From the board room's point of view security costs money with no tangible benefit. They find it hard to say to investors "we spent lots of money on securing our systems, it reduced our productivity and increased the size of our IT department but we were saved from all these hacking attempts, honest". On the other hand if they buy some cheap "network grade" anti-virus software they can claim to be both diligent and securing their systems and to be helpless victims of elite cyber criminal masterminds when things do go wrong.

Golden Lulz, not plain old gold

[Beautyon]

Umm no, its the Lulz age of hacking.

Re:Golden Lulz, not plain old gold

[Samantha+Wright]

I'd give you a mod point, but instead I'm going to just try and highlight your point more clearly, since you seem to be accruing mod points anyway.

LulzSecurity is doing a bunch of high-profile, childish, silly things. That's all the weather there is to report. There's nothing else going on. There's no golden age, no silver age, no information age. Just one group being trollish, and otherwise, the attacks we're hearing about aren't that out of the norm. The exponential curve is right on schedule, as usual.

Hopefully, however, the LulzSec attitude—that you don't have to be important in order to be an interesting target for having your pants pulled down in front of the rest of the class—will drive organizations toward better security policies. TFA is obviously not interested in this aspect of things (and ends in a pessimistic note about people asking for help with test configurations) which is... not that surprising from PCPro.

We need to take users out of the loop.

[FyRE666]

The problem most websites have is one of users choosing insecure login details, either through ignorance, laziness or disinterest. Although this is not a huge problem if it's front-end users, the same problem exists with admins, and those with elevated privileges. The most secure fortress is little protection if the passcode to open the front door is "1234".

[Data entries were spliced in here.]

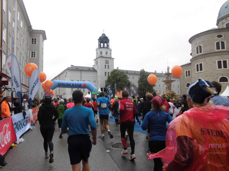 4:30 Stunden hatte ich mir heute vorgenommen. Keinen Stress und genießen. Und so war es auch schon 9:03 Uhr bis ich die Startlinie überqueren durfte. Einen besseren Platz hätten sich die Organisatoren für den Marathon wirklich nicht aussuchen können. Der Platz wird im Westen von der Alten Residenz, im Osten von der Neuen Residenz, sowie dem Dom im Süden eingerahmt. Auch der Residenzbrunnen mitten auf dem Platz fügt sich herrlich in das Bild ein. Die vielen Zuschauer, die uns zujubeln, lassen durchaus schon zu so einem frühen Zeitpunkt des Marathons Gänsehautfeeling aufkommen, wobei ich gar nicht daran denken muss, das sich der Residenzplatz an der Stelle eines früheren Friedhofs befindet.
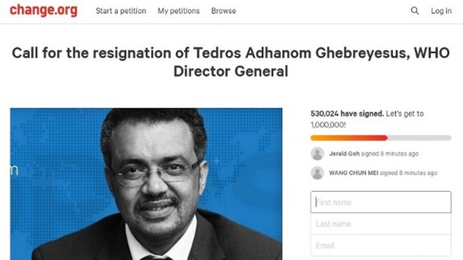 Bức thư kiến nghị ông Tedros Adhanom từ chức Tổng giám đốc WHO đã thu được hơn 530 ngàn chữ ký ủng hộ (Ảnh: Đông Phương).
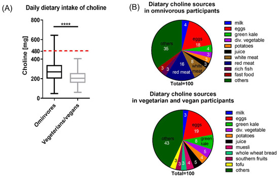 Dietary choline intake. (A) Daily dietary choline intake in omnivorous and vegetarian/vegan participants. The AI of 480 mg/day is represented by the red dotted line. Data are presented as median with whiskers from ‘min to max’ and was analyzed with Mann–Whitney test (**** p < 0.0001). (B) Dietary choline sources in omnivorous and vegetarian/vegan participants. Data are shown as parts of 100, numbers in the graph indicate the mean contribution of the given food to the total dietary choline intake.
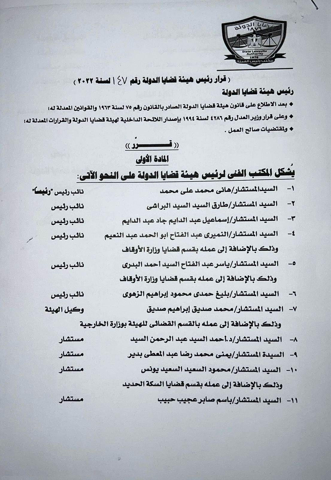 بالأسماء.. ننشر أعضاء المكتب الفني لهيئة قضايا الدولة
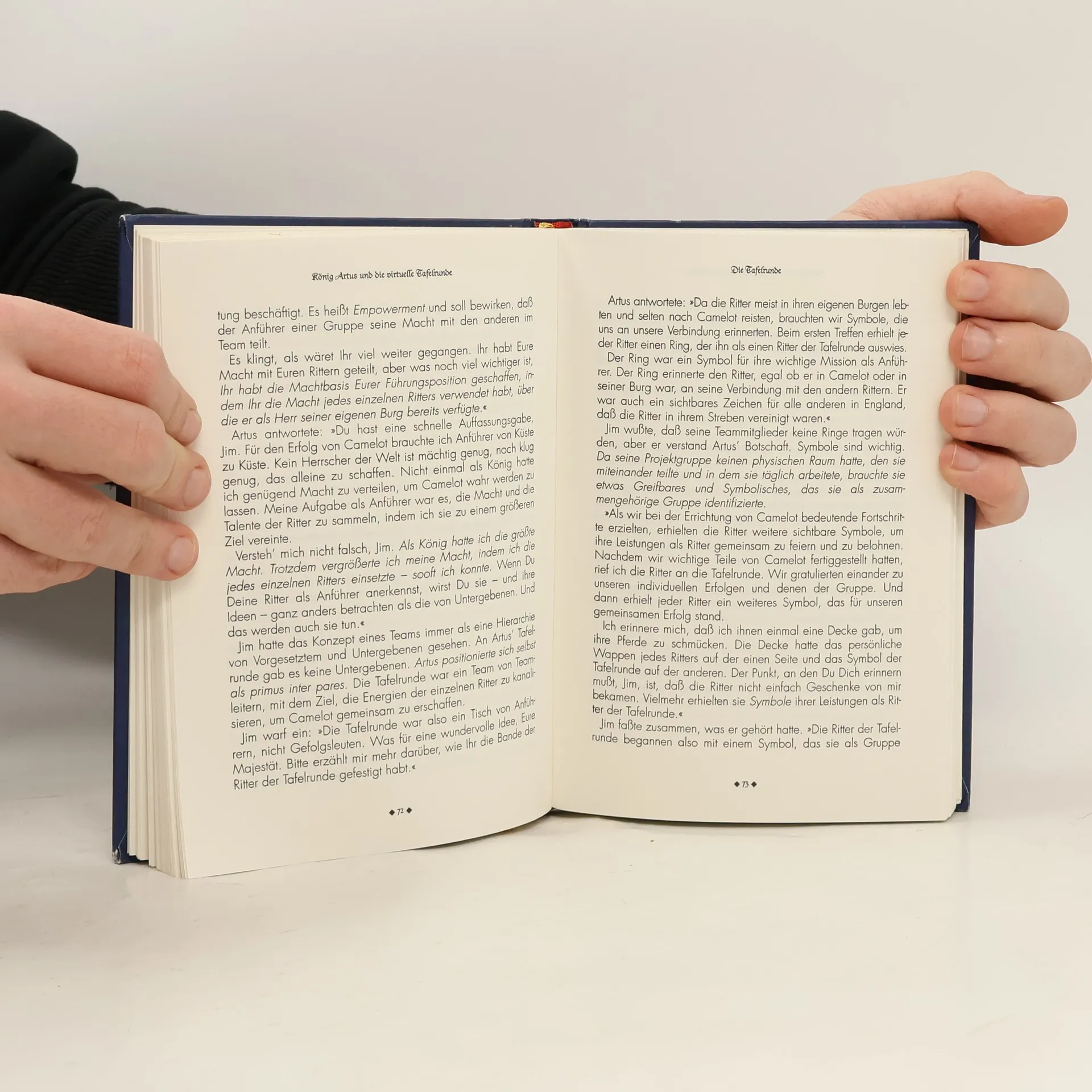 Kurzinhalt: Anhand der Erlebnisse und Erfahrungen aus der Tafelrunde lehrt König Artus dem Leiter eines Teleteams die Geheimnisse der effizienten und erfolgreichen Führung eines solchen Teams. Diese Anleitung für Teammanagement hilft die drei größten Feinde (Distanz, Isolation und Vergangenheit) zu erkennen und zu überwinden, die eigene Rolle durch das Ausnützen der Stärken der Mitarbeiter zu festigen, eine Vertauensbasis zu schaffen, auch über Entfernungen hinweg die Ressourcen auszuschöpfen und die modernen Technologien einzusetzen um geographische und emotionale Distanzen zu überbrücken
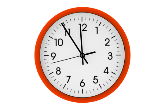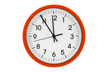 A white round shape wall clock with black hands showing the time of 7 o'clock cutout from background. Short hand at 7 o'clock and long hand at number 12.
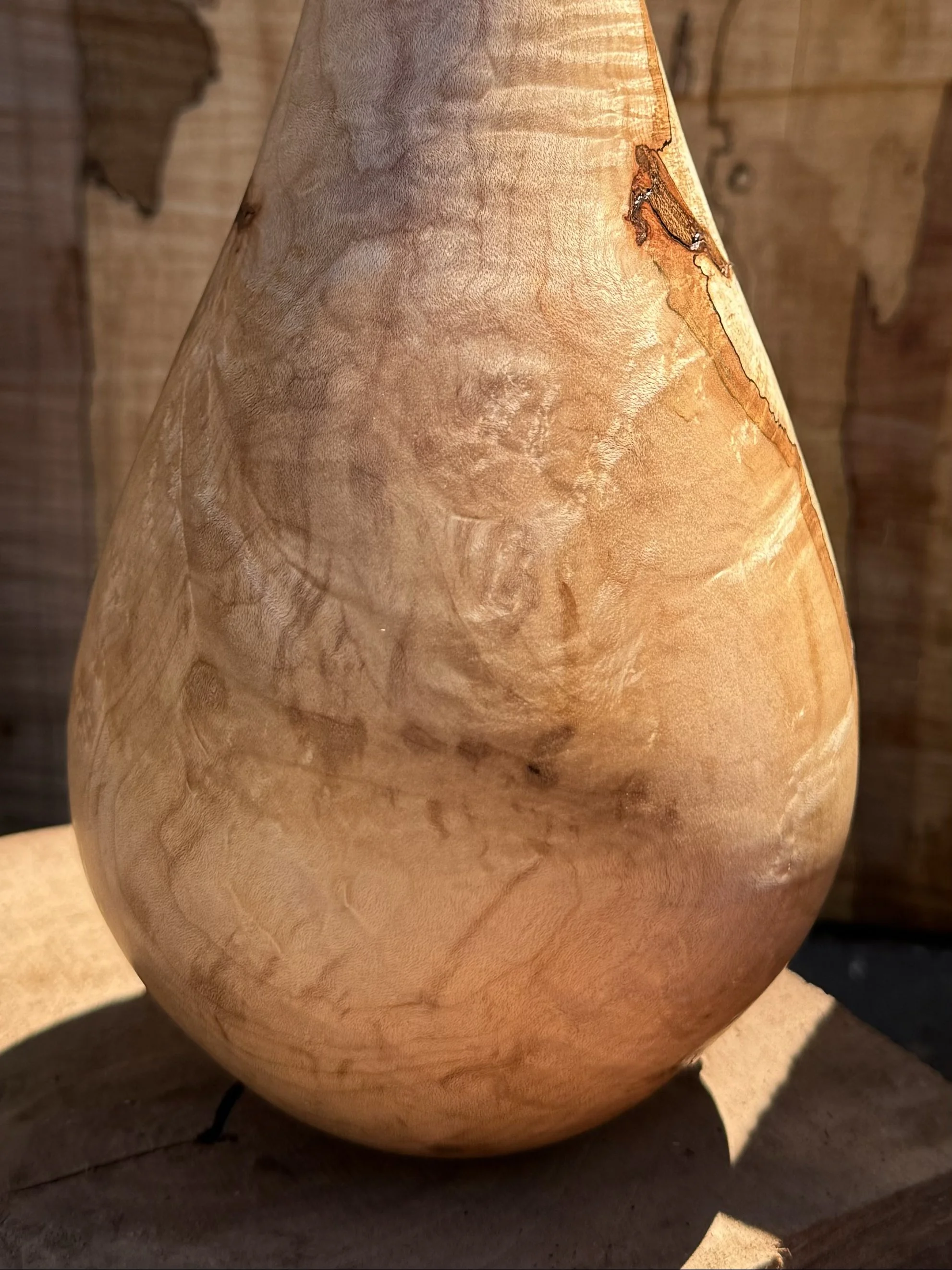 THIS TEAR DROP SHAPED SPALTED MAPLE VASE IS BEST SUITED FOR A VERY SIMPLE ARRANGEMENT OF A SINGLE STEM. AS NO TWO PIECES OF SPALTED WOOD ARE THE SAME . THIS IS A SPECIAL ONE OF A KIND PIECE.
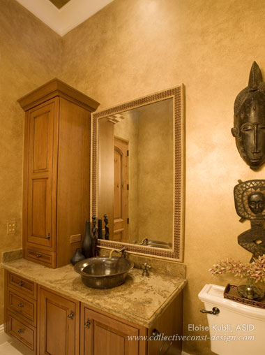 Cabana Bath - The cabana bath, with its unique bronze vessel sink, has texture and authentic ethnic accessories.
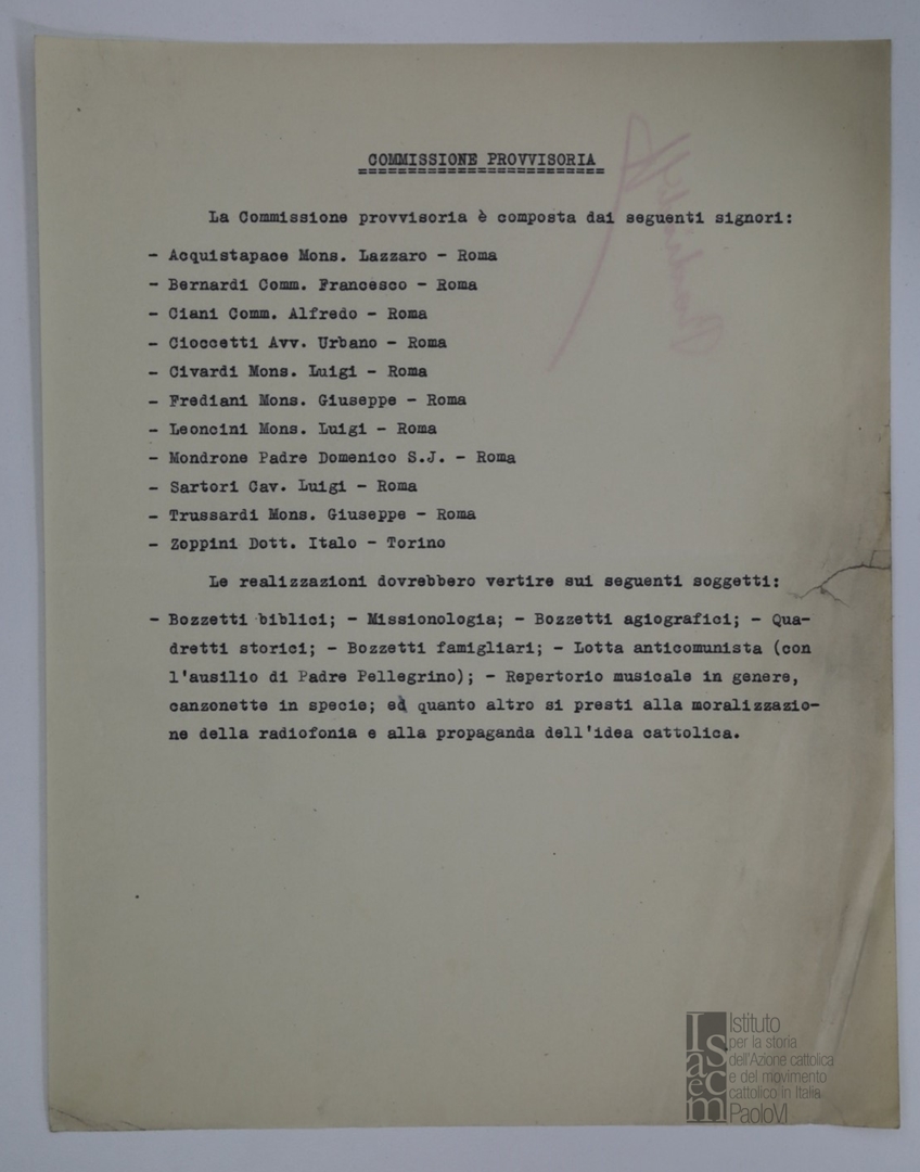 Composizione della Commissione provvisoria: elenco nominativo. Con indicazioni per la moralizzazione della radiofonia e per la propaganda del pensiero cattolico attraverso la radio. Dattiloscritto
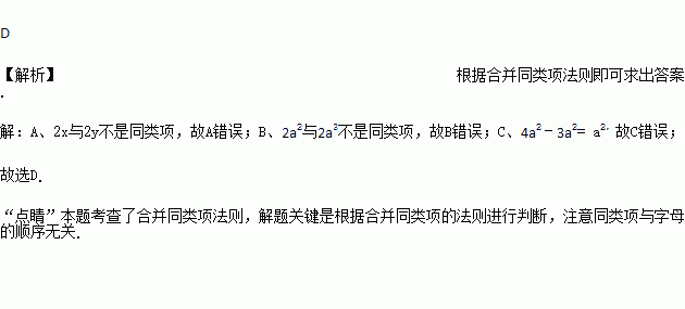 A. 2x+2y=4xy B. 2a2+2a3=2a5 C. 4a2﹣3a2=1 D. ﹣2ba2+a2b=﹣a2b
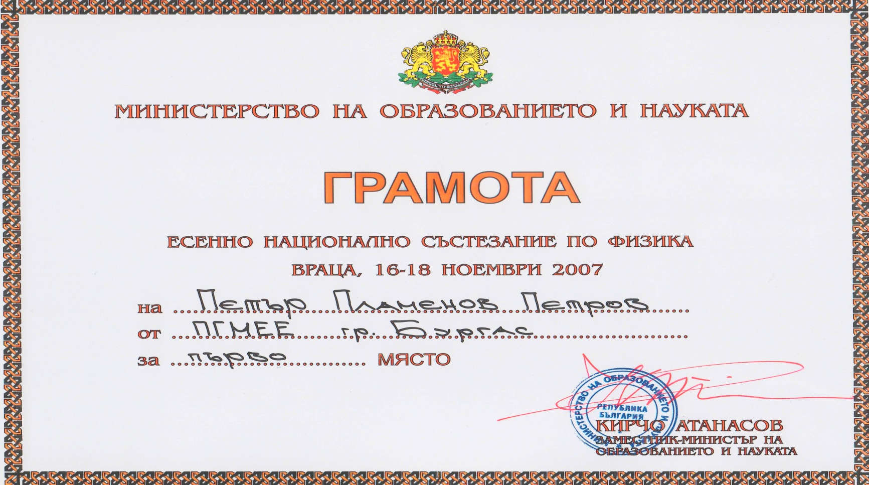 Николай Колев 9 б клас - Първо място на VIII Национална ученическа конференция „Пространство и време“- ВТУ

I don't think this problem can be fixed by "forcing" users to choose long passwords, or to have a different password on every site they use. As we've seen, they simply won't do it, and why should they? It's different if you have a technical, or security-related background, and understand the risks - the average Joe isn't interested in spending the effort to maintain and organise a secure list of passwords in an offline location.

i think the only way this can be fixed is by using SecureID style authentication - either with stand-alone units, mobile apps, or units built into laptops or keyboards (separate from the other components). Obviously it would need to be physically separated from the machine being used to login (or at least sandboxed, in the case of a mobile app). We just need a good cross-platform authentication API that's easy for developers to implement, and cheap hardware/free software for the client.

Re:Hacking vs Cracking

[gman003]

I think it's time we give up on this. Sure, most of us know about the technical distinction between "hacking" and "cracking". But the mass public hasn't picked up on that, and even many hackers (old sense) now use the term hacking (new sense) for cracking.

At this point, trying to push the term "cracking" is futile. We won't change anyone's mind. In fact, all we'll do is come across as semantics-arguing dweebs. It's probably best to just accept that "hacking" now means "gaining unauthorized access to a system". It'll be easier to make a new term for "person who messes with computer systems for fun".

Weak Security

[wintercolby]

What do you expect to happen when you hire Systems Administrators for 6 month contracts to build your systems, and then let the contract expire after the servers are built? Servers don't usually patch themselves, nor do they remain compliant with your security standards once you give developers and DBA's root access.

No it's not

[blahbooboo]

The golden age of hacking was the late 1970s and 1980s. Things they pulled off back then were far more impressive and interesting to watch.